|
|
Annesi
Helena'dan dolayı şöhret kazanan Kostantin, bütün Roma'ya hakim olup imparator
olmuş, Maksimanus (Maximinus) ve onun oğlu Maksinatyus ile pek çok savaş
yapmıştır. Ancak daha sonra Maksimanus ile oğlu Maksinatyus ölünce, Kostantin
tek başına imparatorluğa sahip olmuştur. Kostantin, otuz üç yıl üç ay
hükümdarlıkta kalmış ve Hıristiyanlığı ilk kabul eden Roma hükümdarlarından
olması hasebiyle halkı bu dini kabule zorlayıp onlara savaş açmıştır. Nihayet
Roma halkı onun tesiriyle bu dine girmiş ve günümüze kadar aynı şekilde bu dine
girme faaliyetlerini sürdüre gelmişlerdir.
Tarihçiler,
Kostantin'in Hıristiyanlığı kabul etmesinin sebepleri hakkında ihtilaf
etmişlerdir.

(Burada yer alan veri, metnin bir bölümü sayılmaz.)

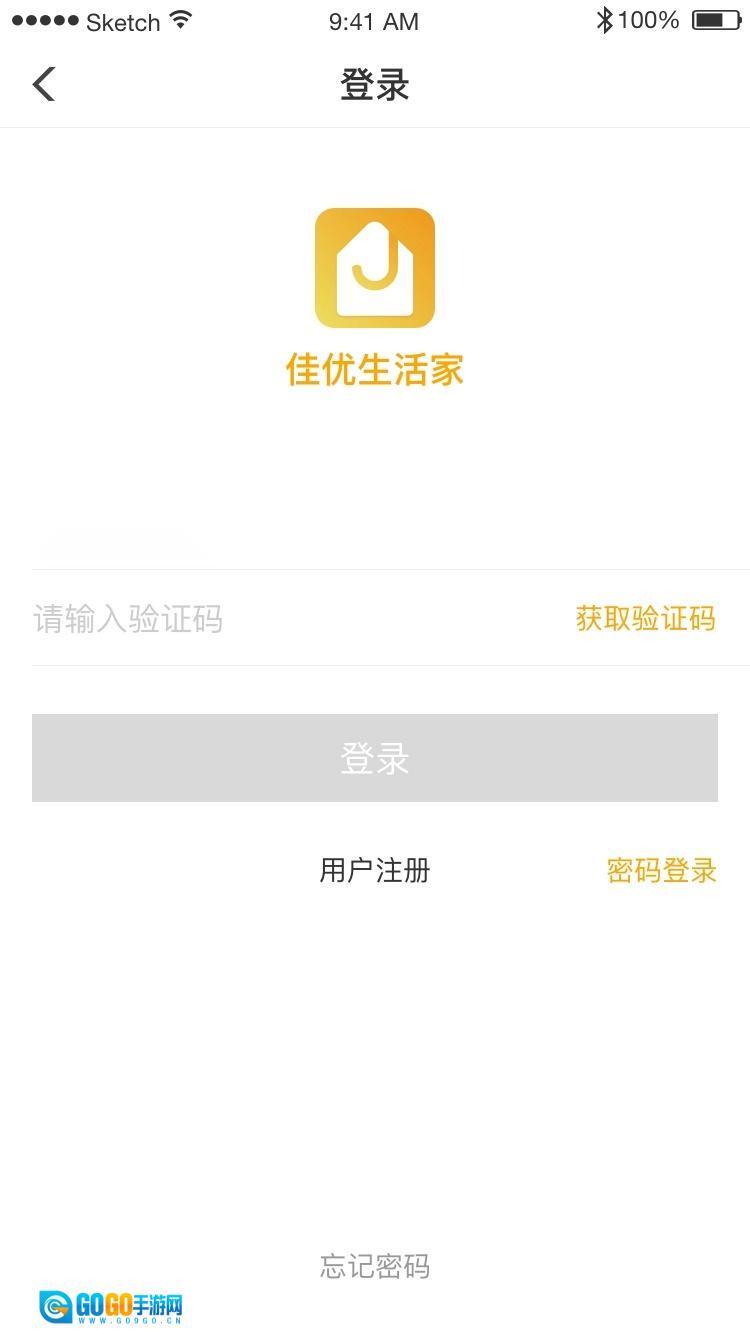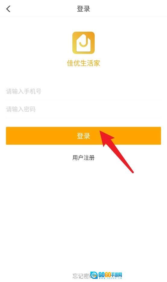 打开“佳优生活家”应用程序,输入手机号码和密码,点击登录按钮后进入系统首页。

Bir rivayete göre, Kostantin alacalık (ala tenlilik) hastalığına
yakalanmıştı. Halk ise bu hastalığından dolayı onu hükümdarlıktan uzaklaştırmak
(veya onu bu hastalığından kurtarmak ?) istiyordu. Hıristiyanlığı kabul edip
fakat bu durumunu saklayan vezirlerinden birisi ona, üzerinde savaş vesilesi
yapabileceği bir din ihdas etmesini tavsiye etti ve ona Hıristiyanlığı şirin
gösterdi. Vezirin maksadı ise, Hıristiyanlık dinine gireceklere hükümdar
vasıtasıyla destek ve yardımcı olmaktı. Nihayet Kostantin vezirinin tavsiyesine
uyup teklifini kabul etti. Bunun üzerine kendi adamlarından ve üst seviyedeki
devlet adamlarından Hıristiyanlığı kabul edenler ile Romalı Hıristiyanlar
hükümdara tabi oldular ve ona destek sağladılar. Böylece o, kendisine karşı
gelen muhaliflerini bertaraf edip perişan etti.
Diğer
bir rivayete göre ise, Kostantin tapmakta oldukları putlar adına düşmanlarının
üzerlerine askeri birlikler göndermiş ve bu birlikler hezimete uğrayıp geri
dönmüşlerdi. Ayrıca onların, Sabiilerin geleneğine uygun olarak yedi yıldızın
adlarını taşıyan yedi tane putları vardı. Bir gün, Hıristiyanlık dinini kabul
edip fakat durumunu gizleyen bir veziri ona, putlar adına gönderilen ve
hezimetle geri dönen askeri birlikler konusunda bir şeyler söyleyip putları
yermiş ve ona Hıristiyanlığa girmesini tavsiye etmişti. Bunun üzerine Kostantin
vezirinin tavsiyesine uyarak Hıristiyanlığı kabul etmiş, düşmanlarına karşı
zaferler kazanıp hükümdarlığını sürdürmüştür. Bu hususta daha başka rivayetler
de vardır.
Kostantin,
hükümdarlığının üzerinden üç yıl geçtikten sonra, şu anda bulunduğu yer
üzerinde varlığını sürdüren Kostantiniyye şehrini kurmuştur. Bu şehir,
Karadeniz'den başlayıp Rum denizine (Ege'ye ?) kadar uzanan haliç üzerinde
kurulmuş olup karadan Roma'ya, Frenk memleketleri ve Endülüs'e hududu
bulunmaktadır. Romalılar bu şehre, ''hükümdarın şehri'' manasına gelen
''İstanbul'' ismini vermişlerdir.
Kostantin'in
hükümdarlığının üzerinden yirmi yıl geçtikten sonra, Rum (Anadolu)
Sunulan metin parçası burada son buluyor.